Figure 5. Scale information provided by the PHQ-2, PHQ-9, SCI-QOL Depression, and Combined. Note: Scale information is shown on the y-axis and T-scores are shown on the X-axis. The scale (or test) information curve (or function) indicates the level of information (i.e. reliability) provided by the scale over the range of the construct continuum. Colors relate to the online version of the figure.

Figure 5. Scale information provided by the PHQ-2, PHQ-9, SCI-QOL Depression, and Combined. Note: Scale information is shown on the y-axis and T-scores are shown on the X-axis. The scale (or test) information curve (or function) indicates the level of information (i.e. reliability) provided by the scale over the range of the construct continuum. Colors relate to the online version of the figure.

As indicated by the correlation between measures (r = 0.76), scores on the SCI-QOL Depression bank and the PHQ-9 are not strictly interchangeable at the individual level. For the subsample completing the item bank and PHQ-9, we used the PHQ-9 to estimate an expected SCI-QOL score and then calculated a discrepancy score by subtracting the observed value from the predicted score. The predicted and observed scores were within a half of a standard deviation for over half the sample. However, there was a substantial number of people (n = 106) who had discrepancies greater than 1 SD (this is consistent with the shared variance indicated by the correlation between the measures).

Discussion

The goal of this study was to (1) develop a bank of depression-related items for use with individuals with SCI; (2) evaluate the psychometric properties of the item bank; (3) develop a cross-walk from the PHQ-9 to SCI-QOL; and (4) provide information that facilitates clinical and research use of the depression item bank.

The SCI-QOL Depression bank is an optimized version of the PROMIS v1.0 Depression item bank for individuals with SCI. Patient and clinician focus group participants confirmed that the PROMIS v1.0 Depression items had content validity in an SCI population.

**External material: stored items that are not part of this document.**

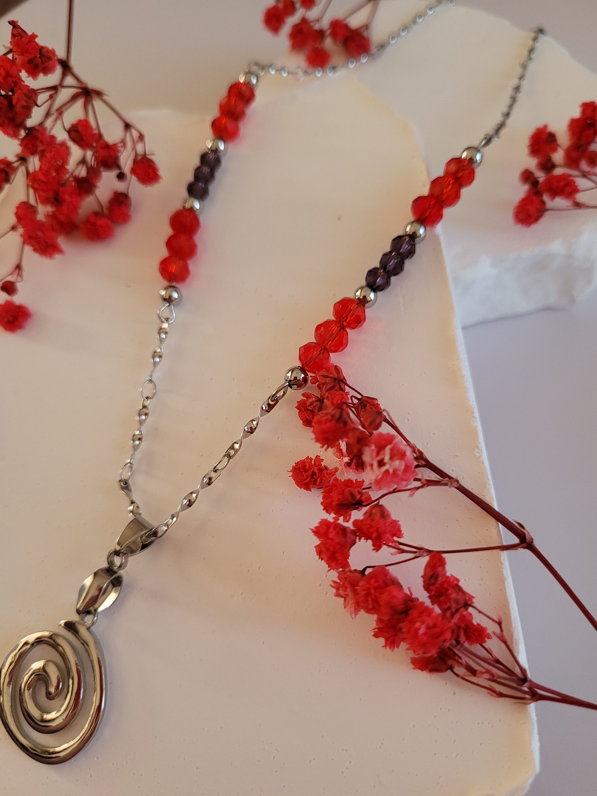 Découvrez ce collier élégant orné de perles facetées rouges et violettes, un accessoire parfait pour rehausser n'importe quelle tenue.
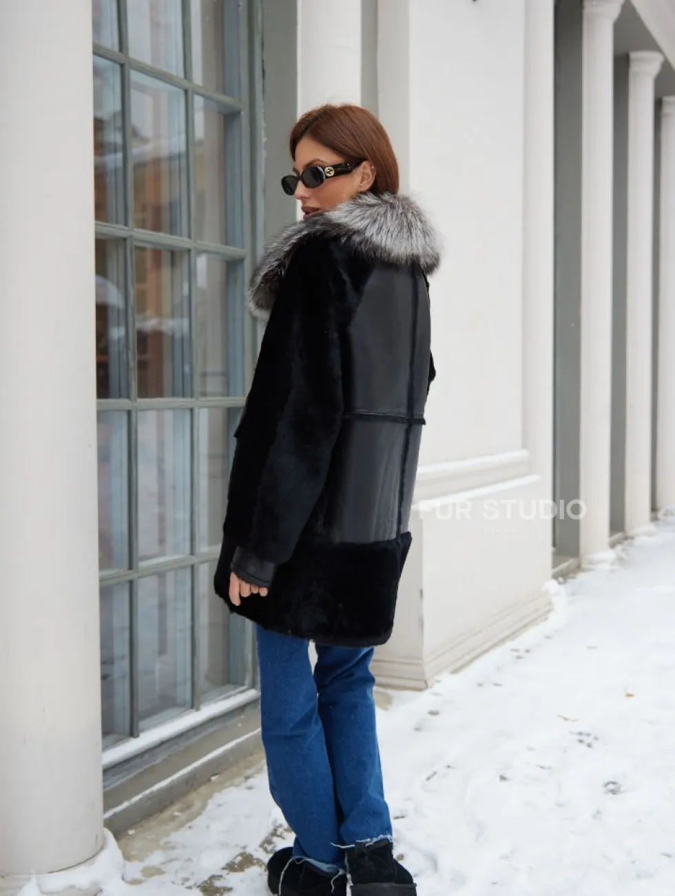 Дубленка черная с меховым воротником доступна для покупки в нашем шоуруме Furs Studio в Чите, а также предлагается удобная доставка во все города России. Обогатите свой гардероб этой дубленкой, которая прослужит вам многие годы, добавив немного роскоши в ваш повседневный образ.
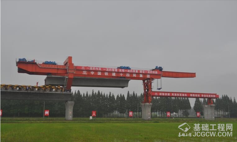 扬州市政协李秘书长一行到中铁十四局集团五公司连镇铁路项目部广陵制梁场参观现场架梁作业
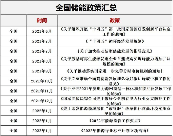 黑鹰光伏统计发现,从2021年至今,国家及地方政府密集出台300多项与储能相关的政策,并明确锁定2030年30吉瓦的储能装机目标。备受关注的文件是,2022年3月21日,相关部委印发的《“十四五”新型储能发展实施方案》。此外,截止2022年底,全国已有近30个省份出台了“十四五”新型储能规划或新能源配置储能文件,规划的新型储能发展目标已超6000万千瓦,是国家能源局《关于加快推动新型储能发展的指导意见》中所确定目标的两倍。

Like the PROMIS Depression bank, the SCI-QOL Depression item bank does not include items related to somatic symptoms which might be confounded with physical medical issues experienced by persons with SCI. We then developed SCI-specific item calibrations using a large, heterogeneous sample of individuals with SCI using a 2-PL graded-response IRT model. We removed items exhibiting DIF, poor item fit statistics, or local dependence. This procedure ensures that the SCI-QOL Depression bank is relevant and appropriate for individuals with SCI. We used IRT linking methods to transform the SCI-QOL calibrations to the PROMIS metric, thus allowing use of SCI calibrations that can be directly compared to PROMIS scores.

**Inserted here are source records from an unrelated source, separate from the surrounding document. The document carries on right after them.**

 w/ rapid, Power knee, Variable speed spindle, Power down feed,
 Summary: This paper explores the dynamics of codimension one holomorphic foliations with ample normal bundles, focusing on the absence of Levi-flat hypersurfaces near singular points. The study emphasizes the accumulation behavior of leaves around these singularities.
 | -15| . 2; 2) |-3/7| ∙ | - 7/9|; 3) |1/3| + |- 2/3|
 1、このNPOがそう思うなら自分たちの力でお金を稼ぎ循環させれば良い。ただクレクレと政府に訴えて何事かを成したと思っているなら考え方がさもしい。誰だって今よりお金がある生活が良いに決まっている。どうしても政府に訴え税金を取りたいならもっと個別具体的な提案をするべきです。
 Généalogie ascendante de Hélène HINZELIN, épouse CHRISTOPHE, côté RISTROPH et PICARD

The SCI-QOL also provides the end user with several administration options depending upon the intended use of the scale. For studies requiring rapid, quick screening, the SCI-QOL could be administered using CAT stopping rules to reduce testing time (e.g. administer only 4 items regardless of standard error variance). For studies requiring more administration precision and participant burden is not an issue, the CAT stopping rules could be set to administer more items (e.g. a minimum of 8 items, standard error of 0.30, and a maximum number of 12 or more items). When a computer and/or internet connection is not available for testing, a short form could be administered to the participant. Finally, if a special subpopulation is being tested, a customized short form could be developed that only includes items relevant to the subpopulation (e.g. a short form including only the most ‘difficult’ items—i.e. those that will be endorsed only by individuals with the most severe depressive symptomatology—could be created for use in a study of individuals with SCI and concomitant MDD). While administration of the full item bank would yield the highest reliability, use of the full bank is not recommended given the high reliability of the 10-item fixed-length CAT and the variable-length CAT with a minimum of 8 items. Either of these administrations would very closely approximate the scores obtained when a full bank is administered.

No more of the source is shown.